Intensive reading decision tree: XG Boost: an extensible tree lifting system.
? For a given data set D with n training samples and m features, the used tree integration model (see "tree integration model" in the figure) uses the sum function of k degrees (formula 1 in the figure below) to predict the output (addition model).
? The tree integration model based on the objective function formula in 2. 1 (corresponding to formula 2 in this paper) contains functions as parameters, which cannot be optimized by the traditional Euclidean space optimization method. So the model is trained by addition (forward step-by-step algorithm). Miss y? _i(t) is the prediction of the i-th instance in the t iteration. Add a new ft to minimize the following objectives. The objective function expression is:
? For the optimization of this function, XGBoost uses Taylor expansion. Different from GDBT, XGBoost uses Taylor quadratic expansion. Remove the constant term (as shown in the figure below) and finally get the simplified function (loss function), as shown in the figure below.

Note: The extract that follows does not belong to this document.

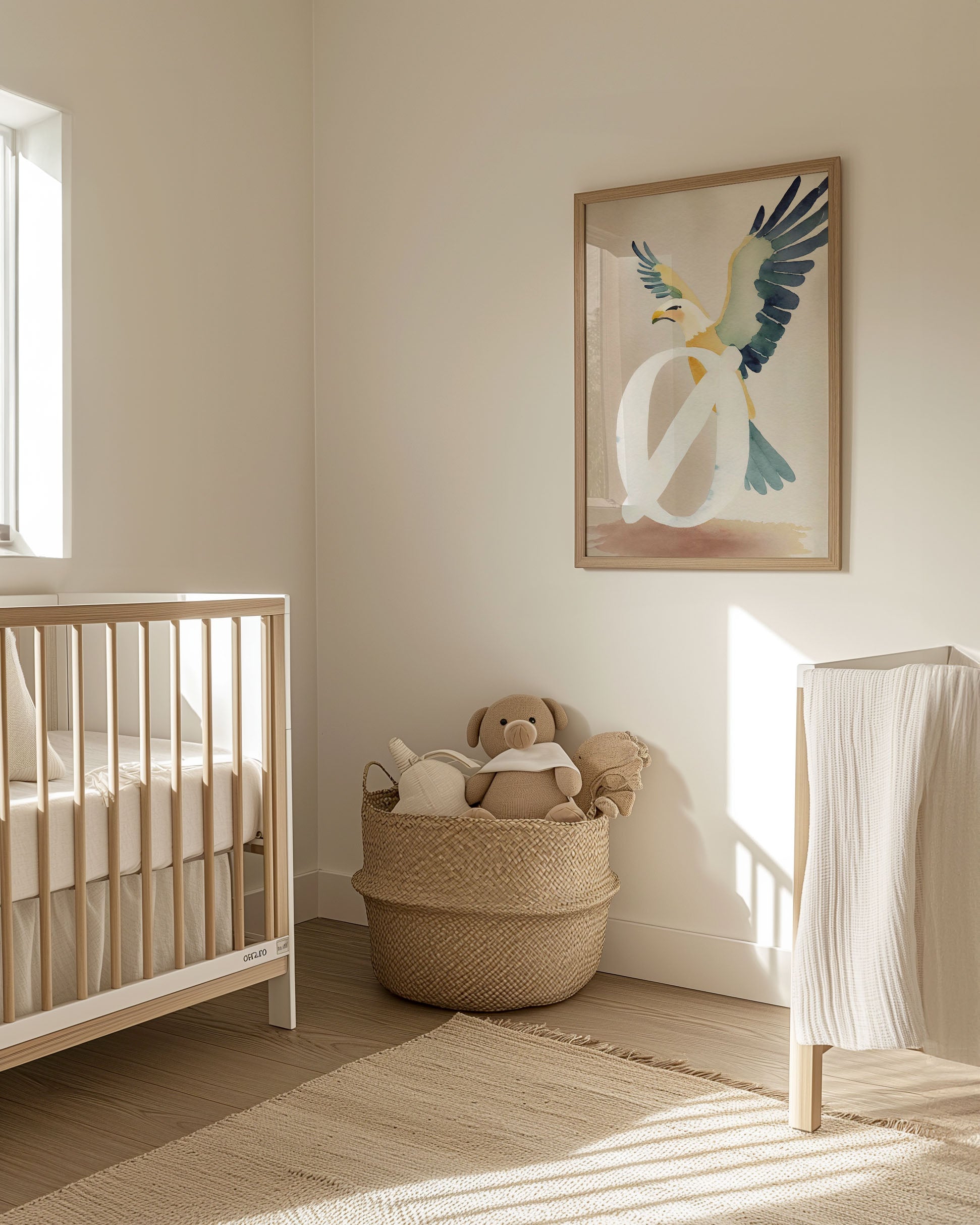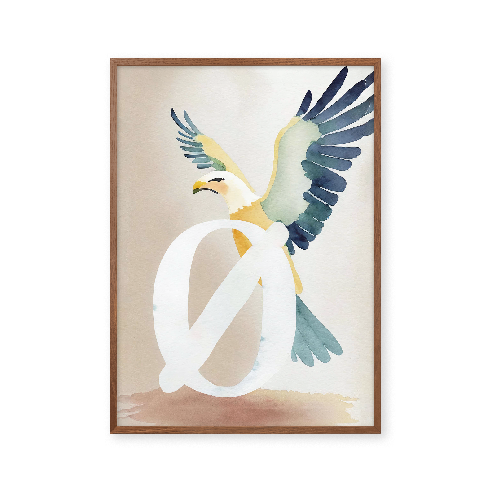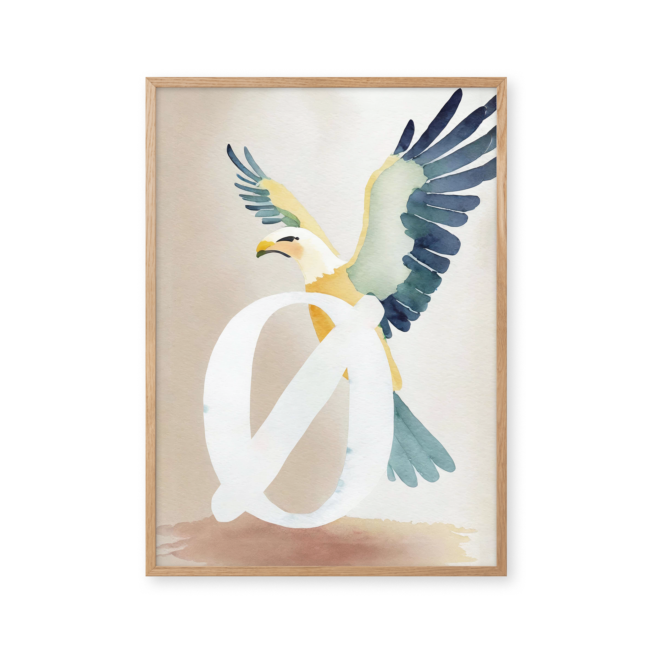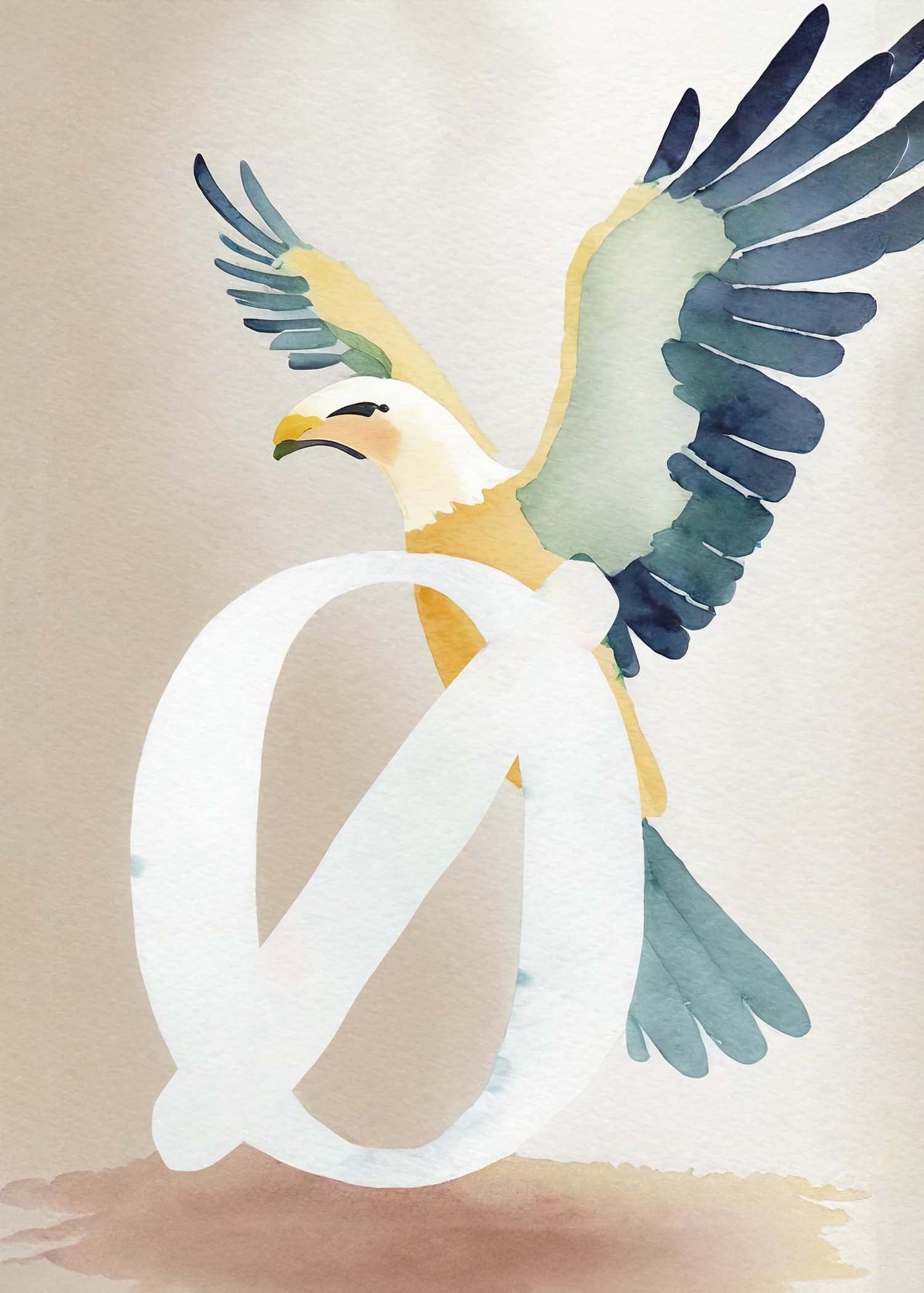 Opdag "Bogstavsplakat - Ø for ørn", en kunstnerisk fortolkning, der fanger blikket. Denne plakat blander akvarelteknikker med levende farver for at skabe en ørn i flugt, smukt integreret med bogstavet Ø. Perfekt til at tilføje et strejf af natur og elegance til ethvert rum.

? Define the Q function to map the input X to a leaf node, and then define the sample set on each leaf node J as
? In addition to adjusting the target, two other techniques are used to further prevent over-fitting.
? When building trees and looking for split points, we need to pay attention to two problems: what features (dimensions) to cut and what thresholds to cut in the selected features (dimensions).
? List all possible divisions on all features. Accurate greedy algorithm starts from the root node of the tree and enumerates all available features of each leaf node. It is pointed out that in order to be more efficient, the algorithm must first sort the data according to the eigenvalues and access the data in order to enumerate the gradient statistics of structural scoring in the scoring formula. (That is, write a two-level loop to exhaust these two parameters and try them one by one to maintain the optimal segmentation scheme. )
? This algorithm needs exhaustive data, and it can't be done effectively when the data can't be completely loaded into memory (the feature quantity is large and the device doesn't support it).
? In bucket operation, the algorithm will first propose candidate segmentation points according to the percentile of feature distribution. Continuous features are mapped into buckets divided by these candidate points, and statistical information is aggregated. According to the summarized statistical data, find the optimal solution in the scheme. (Calculate the statistical information in each bucket, and you can get the optimal splitting income value of the optimal splitting point. )
? Quantile histogram is used to approximately calculate quantiles, so as to approximately obtain a specific query. Random mapping is used to project the data stream into a small storage space as a summary of the whole data stream. The summary data stored in this small space (the minimum and maximum values in the original sequence need to be maintained) is called Sketch, which can be used to approximately answer a specific query.
? Add a default direction for each tree node, so that the model can automatically learn the default division direction of missing data. In each segmentation, the missing value is divided into the left node and the right node respectively. By calculating the score and comparing which of the two segmentation methods is better, the best default segmentation direction will be learned for the missing value of each feature.
? XGBoost adds a penalty term to the objective function, which greatly enhances the generalization ability of the model, supports the downsampling of rows and columns, and optimizes the calculation speed.
? What is more interesting is the sparse value processing, which makes the model learn automatically, divides nodes by default, and selects the best.